The demand for comparison websites is rising with 30% of consumers saying that they shop around before choosing their legal services provider, and 45% that they would turn to online comparison tools to help them compare providers. Reputation continues to be the primary consideration when choosing a legal service provider. By achieving Cyber Essentials certification, you can show your commitment to cyber security and stand out from many of your competitors.
Provide a level of Cyber Liability insurance
If your firm is UK-domiciled with an annual turnover of less than £20m and you achieve Cyber Essentials certification covering your entire organisation, you will be able to opt-in to the included cyber liability insurance. This does not involve any additional cost or forms. The insurance cover includes a 24hr technical and legal incident response service.
Getting certified is a straightforward way of demonstrating to your insurance company, your business associates and your customers that you take cyber security seriously and have your house in order.
“We know that cyber security remains a key challenge for law firms and also that the sector is a target for cybercrime. Implementing the Cyber Essentials controls will help guard firms against cyber attack and achieving certification will demonstrate to your clients that you have put these important measures in place.”
Dr Emma Philpott MBE CEO of IASME
Get started with the Cyber Essentials Readiness Tool
Many legal firms find they have got their resources tied up running the practice rather than focused on IT and cyber security. The barrier to understanding things associated with technology can be a significant hurdle for firms in starting their essential journey into cyber security.

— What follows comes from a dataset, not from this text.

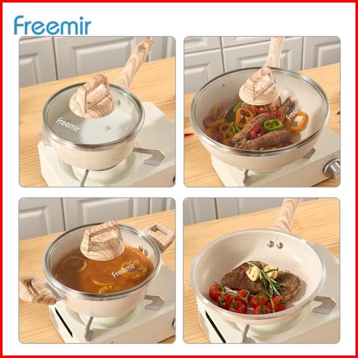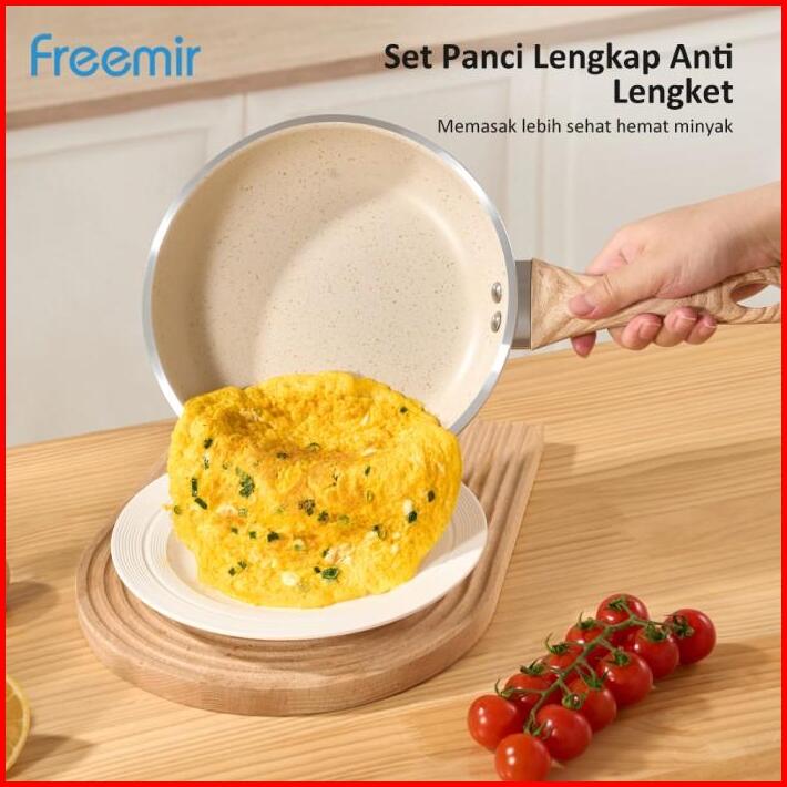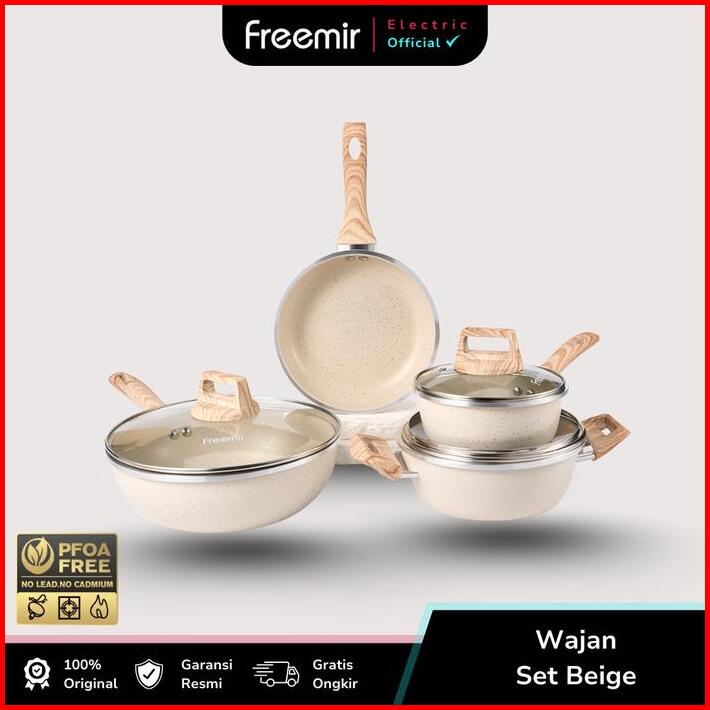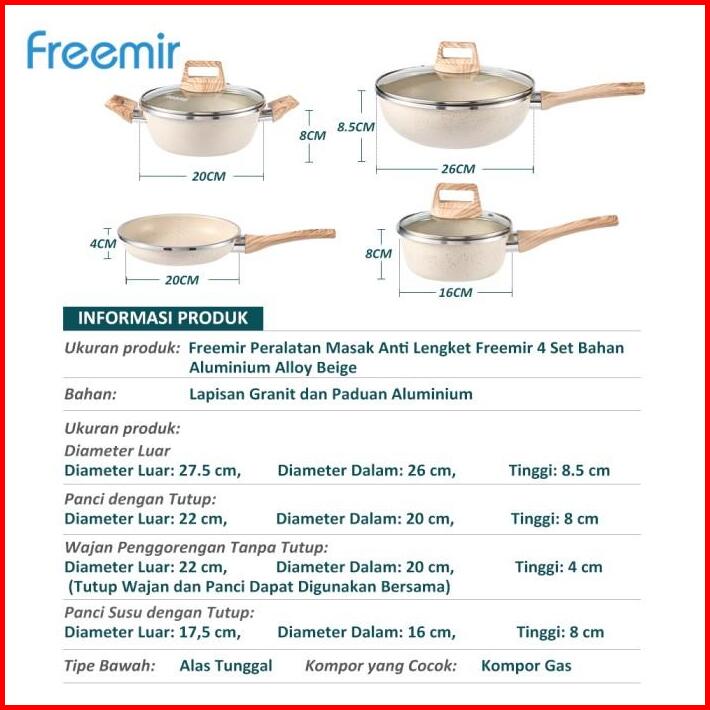 Sale Freemir Beige Set 4 Pcs Wajan Ukuran 26 20 20 16 Dengan Tutup Kaca Cookware Multifungsi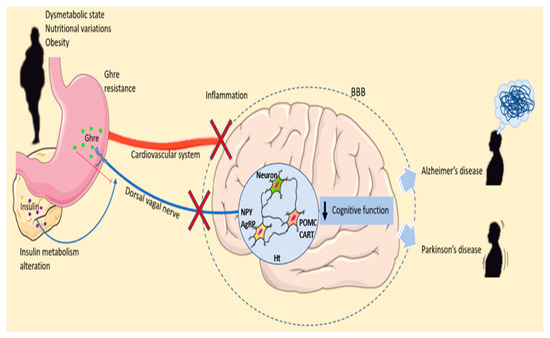 Ghrelin’s roles in malnutrition and neurodegenerative diseases. Dysmetabolic state, nutritional variations and obesity can lead to Ghre resistances and insulin metabolism alteration. Ghre is synthesized by the stomach and released into the peripheral blood. Moreover, Ghre reaches the brain both by crossing the and by the dorsal vagal nerve. In the Ht, Ghre stimulates the release of orexigenic neuropeptide stimulating appetite. Obesity alters insulin metabolism. In the fasting conditions, AgRP expression increases, whereas POMC expression is reduced. During the fed state, the level of AgRP is reduced, and POMC levels increase, stimulating energy expenditure and altering the metabolic feedback loop. Inflammation of the hypothalamus due to malnutrition and dysmetabolism can lead to cognitive function impairment promoting neurodegenerative disease development. Abbreviation = AgRP, agouti-related peptide; BBB; blood–brain barrier CART, cocaine- and amphetamine-regulated transcript; Ghre, Ghrelin; Ht, hypothalamus; NPY, neuropeptide Y; POMC, proopiomelanocortin; The figure was produced using Servier Medical Art.

Until recently, much of the general cyber security information and guidance assumed a good level of IT knowledge. Firms have asked for a tool that can help them review their current level of protection and to obtain targeted advice on next steps. IASME responded to this need by developing the Cyber Essentials Readiness Tool, a free online tool with basic level guidance on the five key technical controls and related topics written in ‘plain English’. This tool is free of charge and accessible in the form of a set of questions on the IASME website. The process of working through the questions will inform an organisation about their own level of understanding and what aspects they need to focus on. They will be directed towards appropriate guidance and, based on their answers, be presented with a tailored action plan and detailed guidance for their next steps towards certification.